Instructions to follow
Transcribe only the lines of the listing below from the one holding "- Ćwiczenia z" through the one holding "The physical size", inclusive, without any change.
----------------------------------------
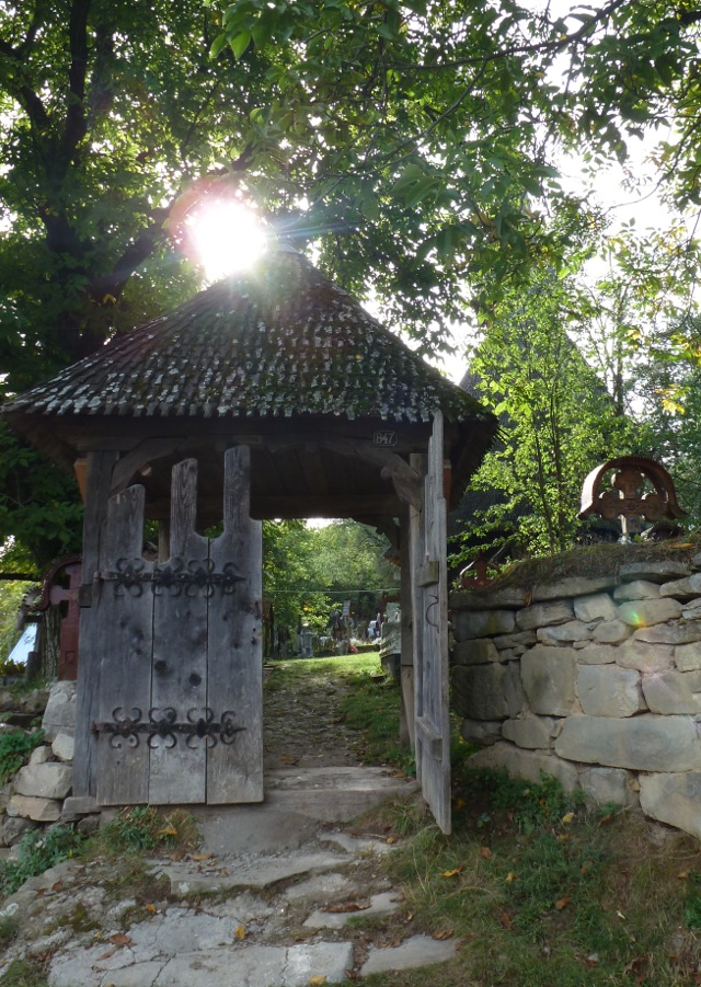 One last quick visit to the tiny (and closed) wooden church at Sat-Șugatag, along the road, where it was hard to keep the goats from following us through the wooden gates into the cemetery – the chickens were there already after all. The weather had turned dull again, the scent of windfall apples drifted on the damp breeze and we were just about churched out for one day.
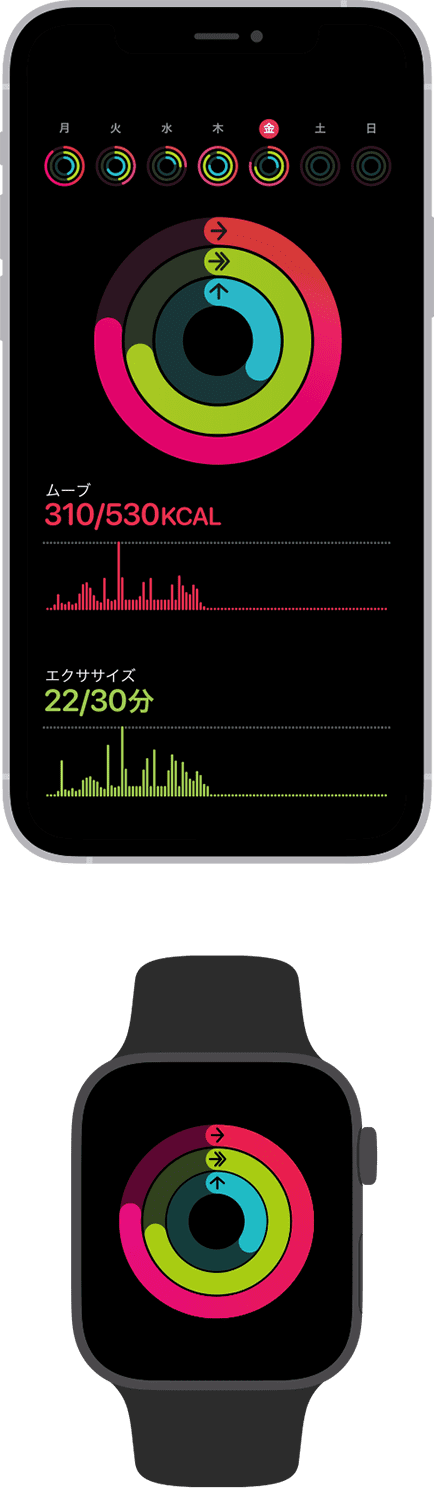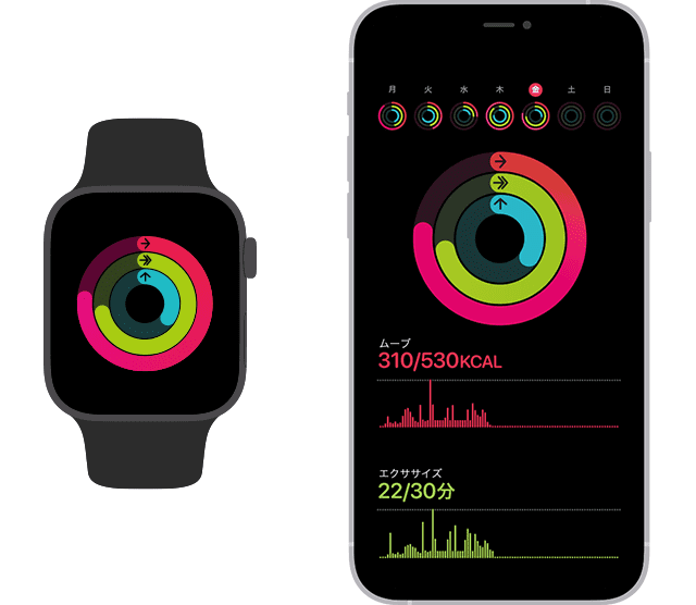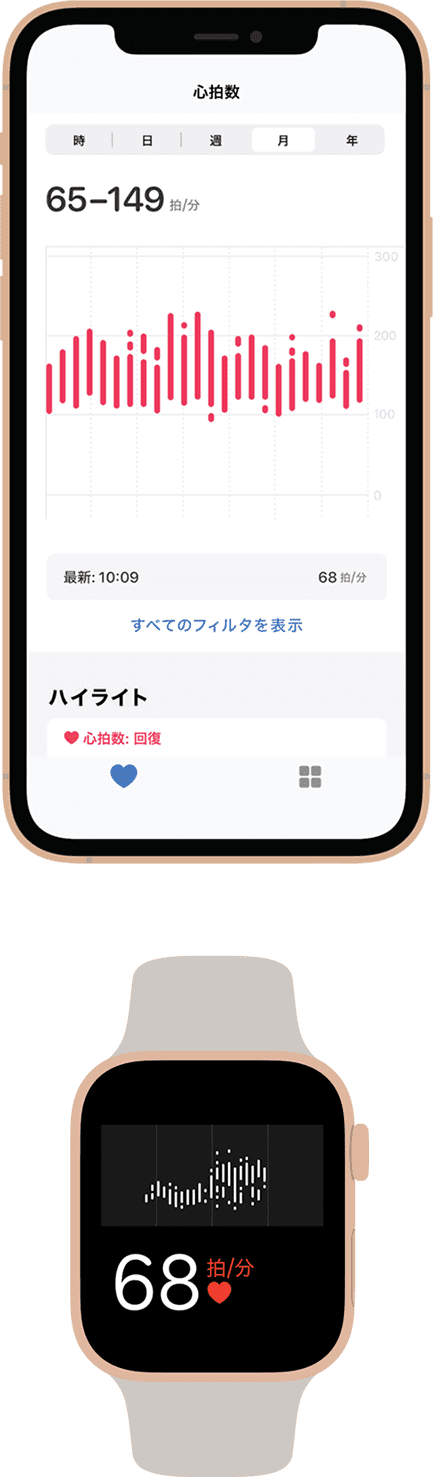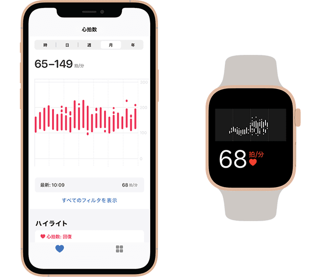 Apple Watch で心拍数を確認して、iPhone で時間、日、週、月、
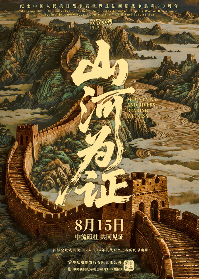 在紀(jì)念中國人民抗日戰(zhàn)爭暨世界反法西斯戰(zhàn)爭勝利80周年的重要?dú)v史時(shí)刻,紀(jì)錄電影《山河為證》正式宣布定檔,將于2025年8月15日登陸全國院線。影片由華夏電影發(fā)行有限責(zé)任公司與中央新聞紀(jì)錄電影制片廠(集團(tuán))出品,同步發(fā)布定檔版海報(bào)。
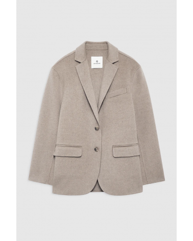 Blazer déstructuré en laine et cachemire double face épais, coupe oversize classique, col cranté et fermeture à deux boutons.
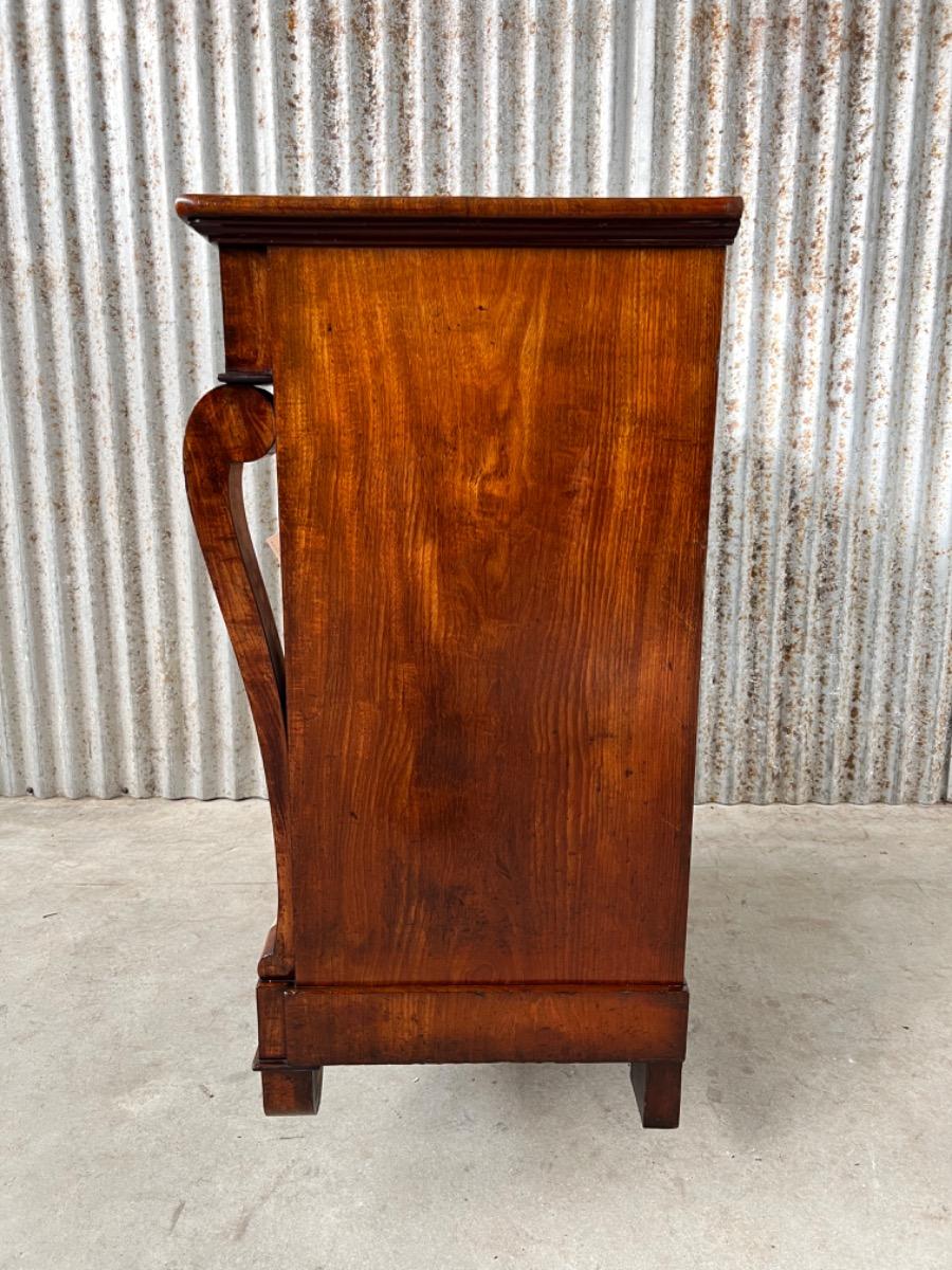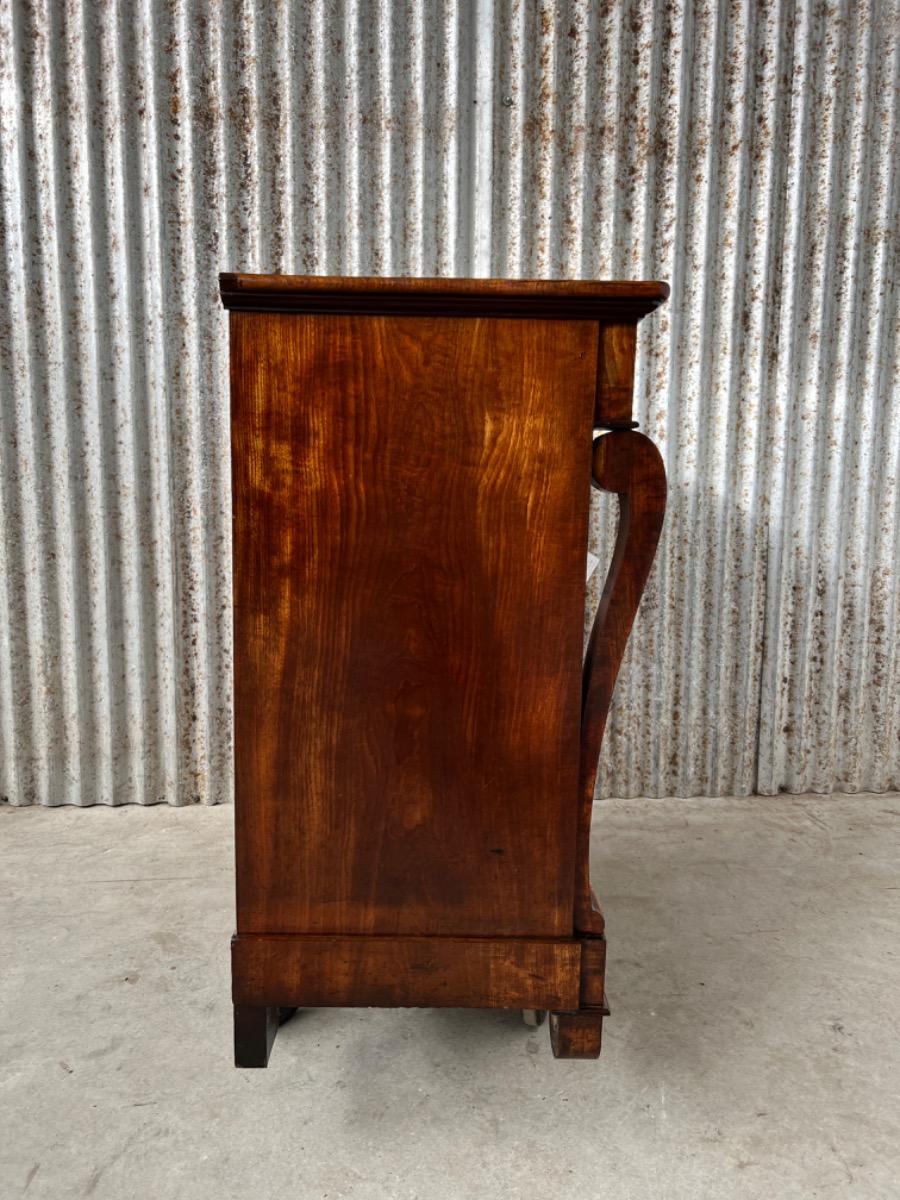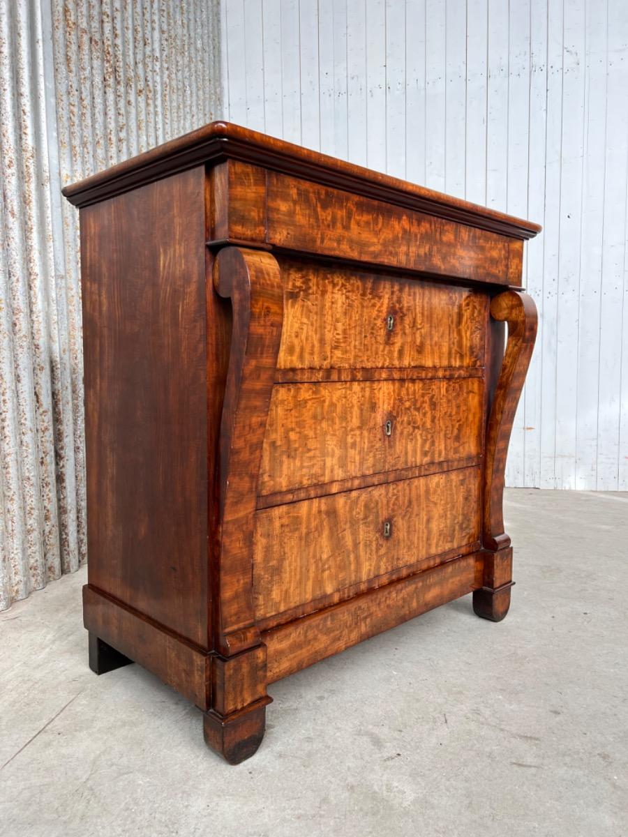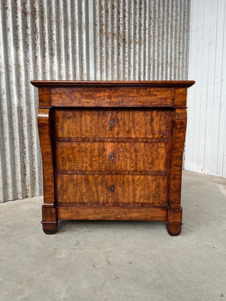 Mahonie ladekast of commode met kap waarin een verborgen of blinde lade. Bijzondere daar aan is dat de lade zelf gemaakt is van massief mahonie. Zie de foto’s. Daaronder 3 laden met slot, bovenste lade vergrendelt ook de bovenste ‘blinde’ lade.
----------------------------------------
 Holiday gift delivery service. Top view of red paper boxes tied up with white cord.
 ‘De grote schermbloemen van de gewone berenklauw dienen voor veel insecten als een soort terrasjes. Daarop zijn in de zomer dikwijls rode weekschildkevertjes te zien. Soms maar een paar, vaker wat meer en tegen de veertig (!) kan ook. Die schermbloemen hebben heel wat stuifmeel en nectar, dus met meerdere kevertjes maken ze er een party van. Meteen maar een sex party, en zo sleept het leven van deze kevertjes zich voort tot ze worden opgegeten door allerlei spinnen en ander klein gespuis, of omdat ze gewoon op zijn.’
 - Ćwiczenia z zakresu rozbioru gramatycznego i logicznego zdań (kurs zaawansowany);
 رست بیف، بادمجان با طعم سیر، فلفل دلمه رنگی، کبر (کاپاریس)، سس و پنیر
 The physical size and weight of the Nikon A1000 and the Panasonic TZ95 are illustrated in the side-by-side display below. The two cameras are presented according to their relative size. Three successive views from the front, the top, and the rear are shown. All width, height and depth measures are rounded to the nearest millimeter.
----------------------------------------
Solution to the problem
 - Ćwiczenia z zakresu rozbioru gramatycznego i logicznego zdań (kurs zaawansowany);
 رست بیف، بادمجان با طعم سیر، فلفل دلمه رنگی، کبر (کاپاریس)، سس و پنیر
 The physical size and weight of the Nikon A1000 and the Panasonic TZ95 are illustrated in the side-by-side display below. The two cameras are presented according to their relative size. Three successive views from the front, the top, and the rear are shown. All width, height and depth measures are rounded to the nearest millimeter.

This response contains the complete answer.